I have 2 Browning rifles and both of them were very very sensitive to copper fouling.  Do not know if it is 'tight bore' or the rifling pattern or the bbl material / plating but Brownings seem to like to collect copper like a scrap dealer.


----------



## Lukikus2 (Dec 7, 2011)

I busted the action in my BAR 06' shooting Hornady's out of it. Just sayin'


----------



## Hunter_30540 (Jan 1, 2012)

My uncle had a 7 Rem Mag that had issues. I remember a gunsmith re-crowned the barrel and it shot better than new. You might want to consider letting a gunsmith look at it.


----------



## Cottontail (Jan 1, 2012)

i got a browning 7mag and at 100 yards its a tack driver


----------



## Summersw (Jan 2, 2012)

Copper fouling or severe crown damage.

Did you look for any type of pattern to the groups? 
(Method to the madness) 

Were they up and down strings?
Left and right lines?
Any key holing? 
If you shot at a clean white piece of paper was there a dark shadow around the bullet hole?

Things to think of...


----------



## 7Mag Hunter (Jan 15, 2012)

Clean the gun really good, then clean again......
Test fire at least two 3 shot groups....If better, repeat above...
Copper fouling can be really hard to get out.....


----------



## robinsonfam1 (Jan 17, 2012)

if it is copper fouling: there are cleaners you spray into barrel, cork it, and leave overnight then re-spary and wipe out. supposed to remove everything. ive never used them though.

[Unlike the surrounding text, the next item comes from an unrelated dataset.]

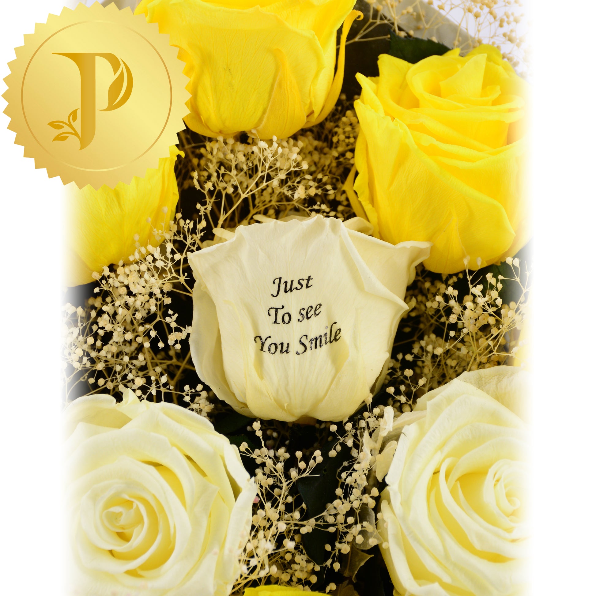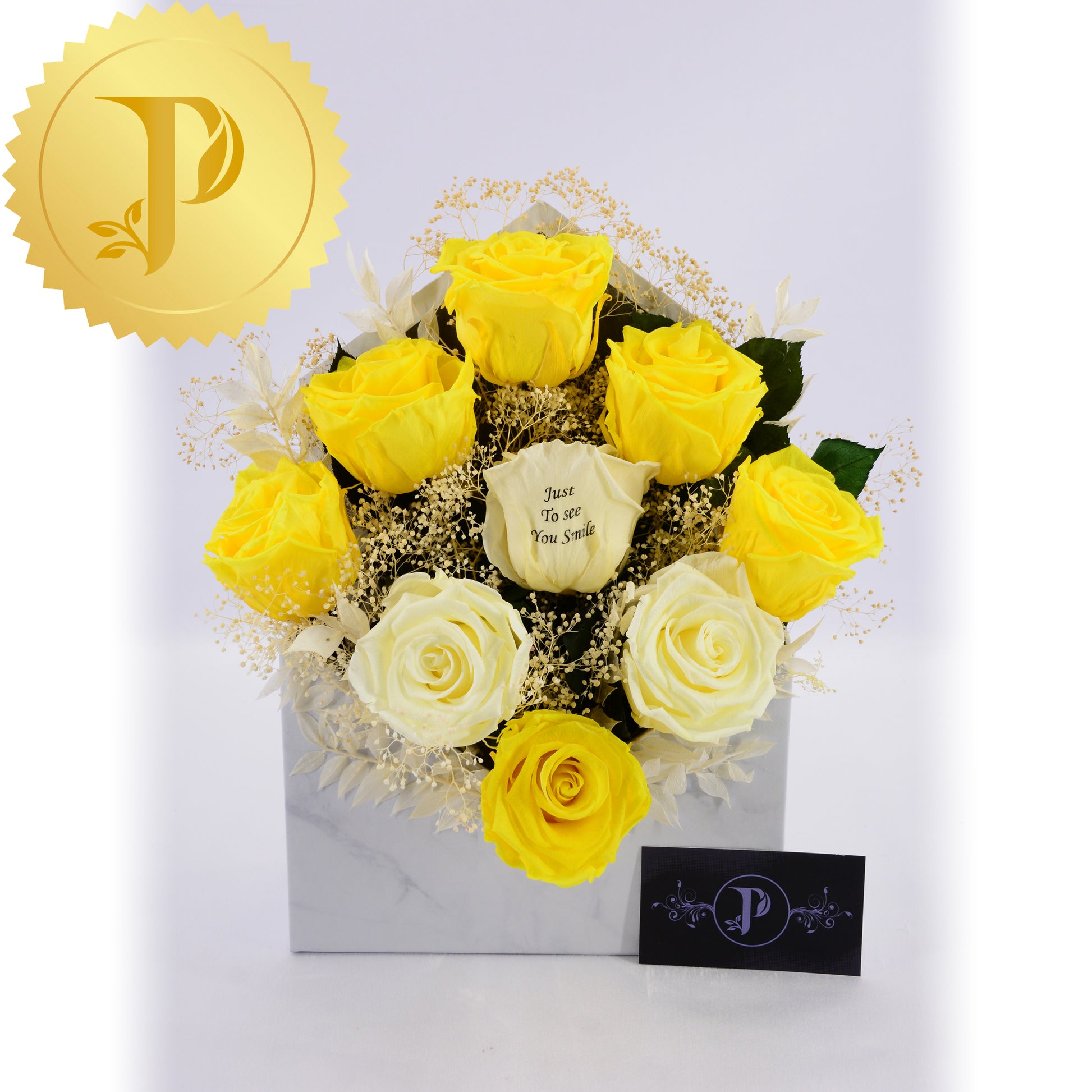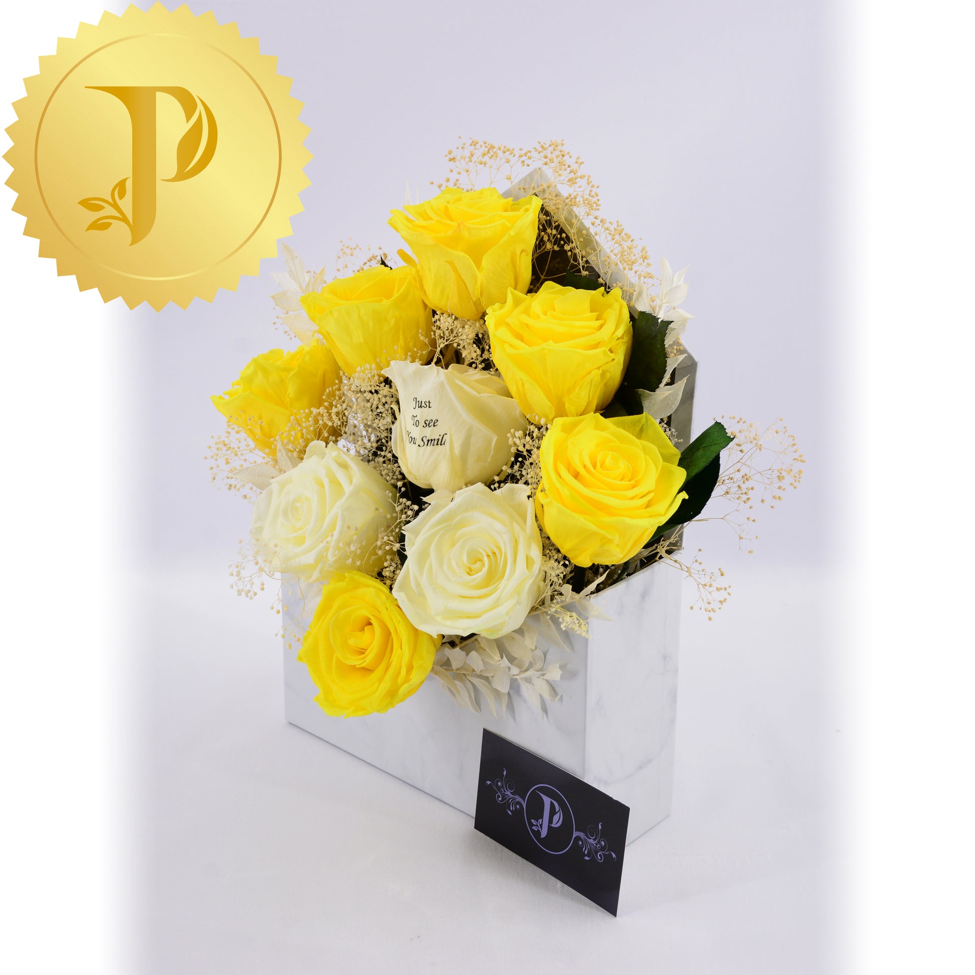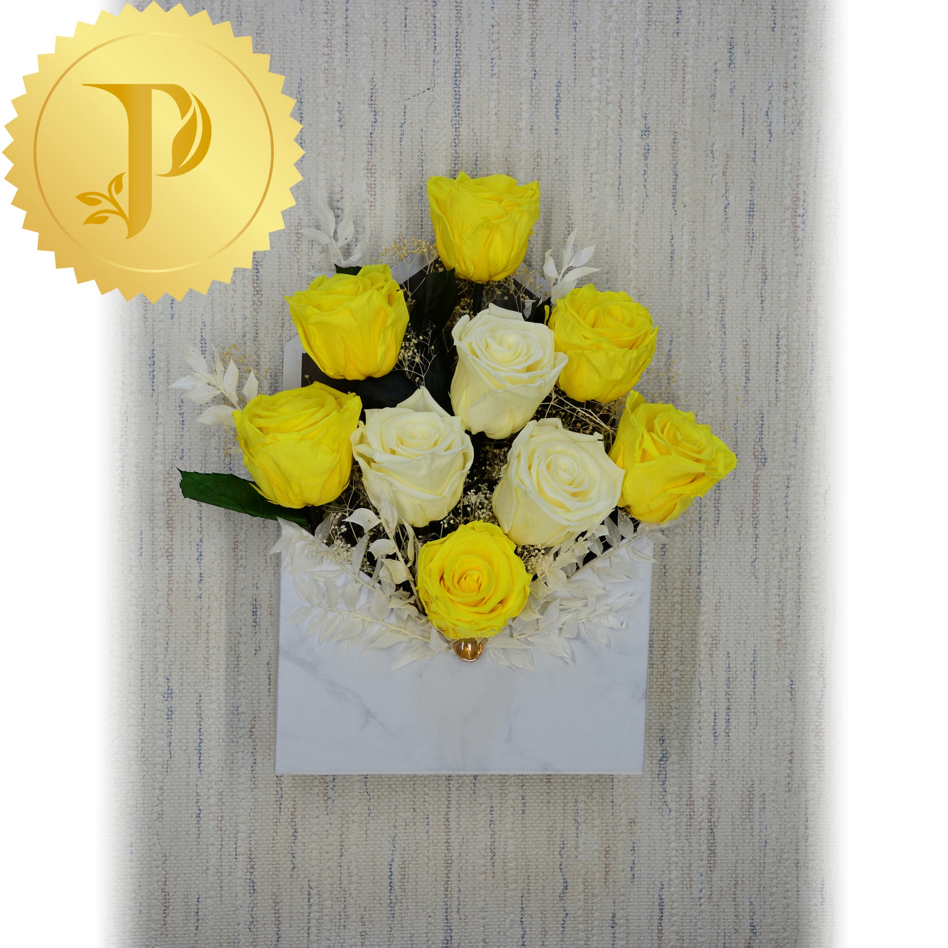 Convey a sweet message of love and friendship with this cute, marbleized envelope design. A combination of nine cheery roses in butter and bright yellow will enhance any room. This delightful arrangement is also suitable for hanging (picture hanger included).

if that doesnt do it then yes take to a smith and have barrel crown checked.

another thought that i have seen many times: remove scope and mounts entirely, remove action from stock. re assemble from scratch. make sure everything is tightened down correctly. make sure barrel is floated. then set scope mounts making sure they are true to eachother. set scope making sure its level with action. try again. sometimes a wood stock that has sat around may have collected moisture off and on causing it to warp and bind on the action and barrel causing these issues too.


----------



## Addicted (Jan 18, 2012)

This is good info. I have a BAR .300 Win mag. I've had the gun since '87.
It has the same problem. In the last few years 6-8" group at 100 yds is about best I can do. I thought it was me.

Its been a great reliable gun and I keep it clean "best I can". The action looks and operates perfect. I love the gun and kill deer with it every year. Although I did miss a deer and a yote this year. That bugs me because I don't miss.

But it is 24 yrs old. I guess I need to have it checked for copper fouling, ect,ect,ect. I will check it for all these things you guys have mentioned.

Thanks for posting "Byrdman68" Now I know I'm not alone.


----------